British monthly publication

The Wide World Magazine was a British monthly illustrated publication which ran from April 1898 to December 1965.

==History==
The magazine was founded by well-known publisher George Newnes, also famous for Tit-Bits, The Strand Magazine, Country Life and others. It described itself as "an illustrated magazine of true narrative" and each month purported to feature "true-life" adventure and travel stories gathered from around the world. Its motto was "Truth is stranger than fiction".

In August 1898, it published the first in a number of installments of "The Adventures of Louis de Rougemont", billed as "the most amazing story a man ever lived to tell", and claiming to be an account of a man who had spent thirty years in the outback of Australia. The story caused a sensation, but was exposed as a hoax by the Daily Chronicle, to the embarrassment of the publisher.

Some famous names occasionally wrote for the magazine (such as Arthur Conan Doyle, Henry Morton Stanley, Douglas Reeman etc.), and it was copiously illustrated with photographs, as well as black and white drawings by such artists as Terence Cuneo, Stuart Tresilian, Alfred Pearse, Chas Sheldon, Paul Hardy, William Barnes Wollen, John L. Wimbush, Charles J. Staniland, Joseph Finnemore, John Charlton, Warwick Goble, Tom Browne, Ernest Prater, Gordon Browne, Edward S. Hodgson, Norman H. Hardy, Inglis Sheldon Williams, and Harry Rountree.
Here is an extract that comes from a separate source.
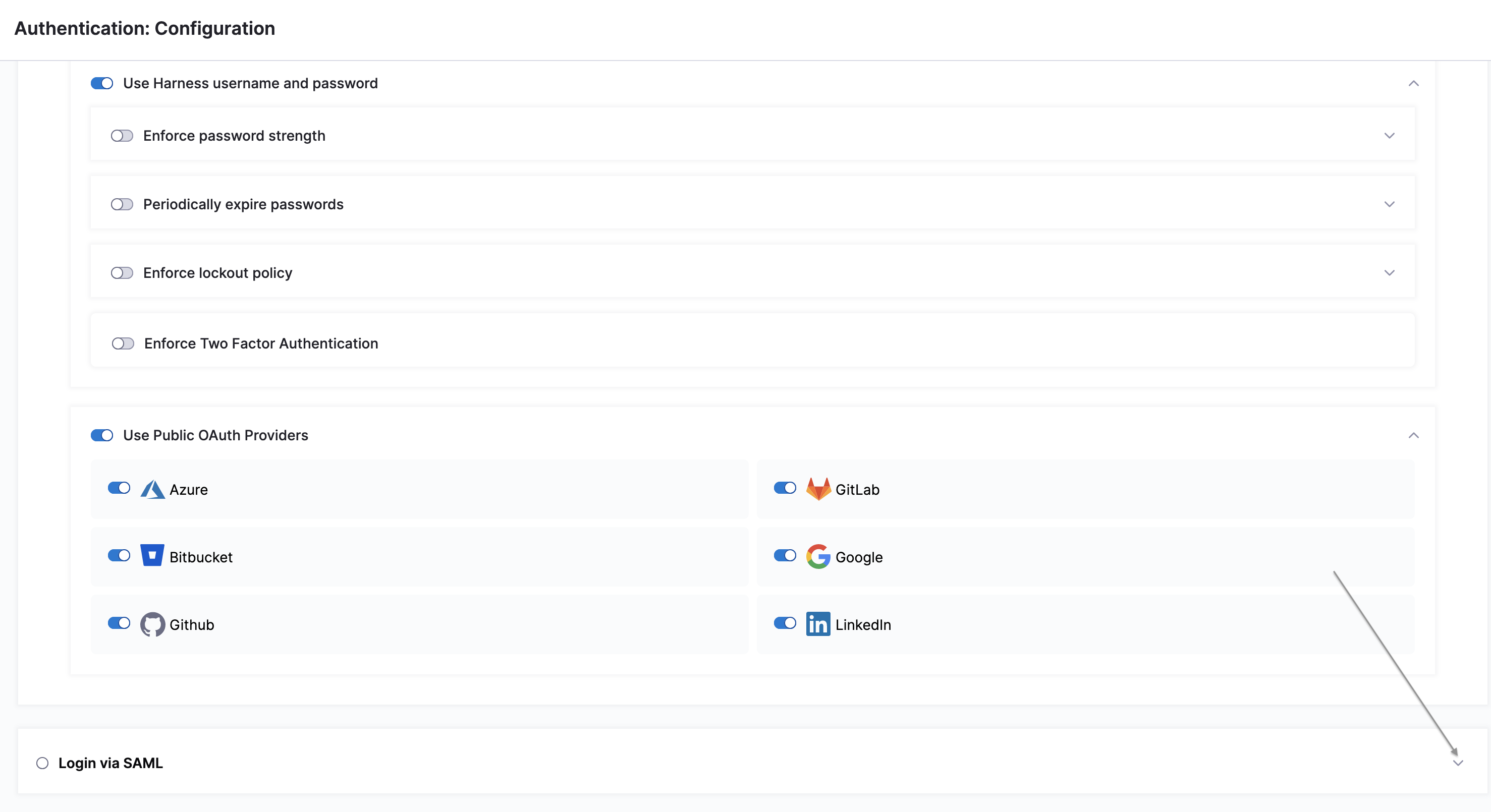 Select Add. The new SSO provider is displayed under Login via SAML. You might need to expand this section using the arrow on the right-hand side of the screen.

The May 1913 issue contained the first reports of the death of notorious outlaw Butch Cassidy in Bolivia.

Ben Macintyre, writing in 2004, humorously described the magazine as being about "brave chaps with large moustaches on stiff upper lips, who did stupid and dangerous things".

==Editions online==

- Wide World Magazine, index at HathiTrust
- Wide World Magazine, volume 1 (April 1898–Sept 1898)
- Wide World Magazine, volume 2 (Nov 1898–April 1899)
- Wide World Magazine, volume 3 (May 1899–Oct 1899)
- Wide World Magazine, volume 4 (Nov 1899–April 1900)
- Wide World Magazine, volume 5 (May 1900–Oct 1900)
- Wide World Magazine, volume 6 (Nov 1900–April 1901)
- Wide World Magazine, volume 7 (Apr 1901–Sept 1901)
- Wide World Magazine, volume 8 (Nov 1901–April 1902)
- Wide World Magazine, volume 9 (May 1902–Oct 1902)
- Wide World Magazine, volume 10 (Nov 1902–April 1903)
- Wide World Magazine, volume 11 (May 1903–Oct 1903)
- Wide World Magazine, volume 12 (Nov 1903–April 1904)
- Wide World Magazine, volume 13 (May 1904–Oct 1904)
- Wide World Magazine, volume 14 (Nov 1904–April 1905)
- Wide World Magazine, volume 15 (May 1905–Oct 1905)
- Wide World Magazine, volume 16 (May 1906–Oct 1906)
- Wide World Magazine, volume 20 (Nov 1907–April 1908)
- Wide World Magazine, volume 21 (May 1908–Oct 1908)
- Wide World Magazine, volume 37 (May 1916–Oct 1916)
- Wide World Magazine, volume 38 (Nov 1916–Apr 1917)
- Wide World Magazine, volume 39 (May 1917–Oct 1917)
- Wide World Magazine, volume 40 (Nov 1917–Apr 1918)
- Wide World Magazine, volume 43 (May 1919–Oct 1919)
- Wide World Magazine, volume 44 (Nov 1919–Apr 1920)
- Wide World Magazine, volume 45 (May 1920–Oct 1920)
- Wide World Magazine, volume 49 (May 1922–Oct 1922)
- Wide World Magazine, volume 50 (Nov 1922–April 1923)

==Selected stories==
- Safont, Paul (2004). "The Wide World: True Adventures for Men"
- A floating Gold-mine (story from The Wide World Magazine, May 1907 – "Welcome to Brightlingsea")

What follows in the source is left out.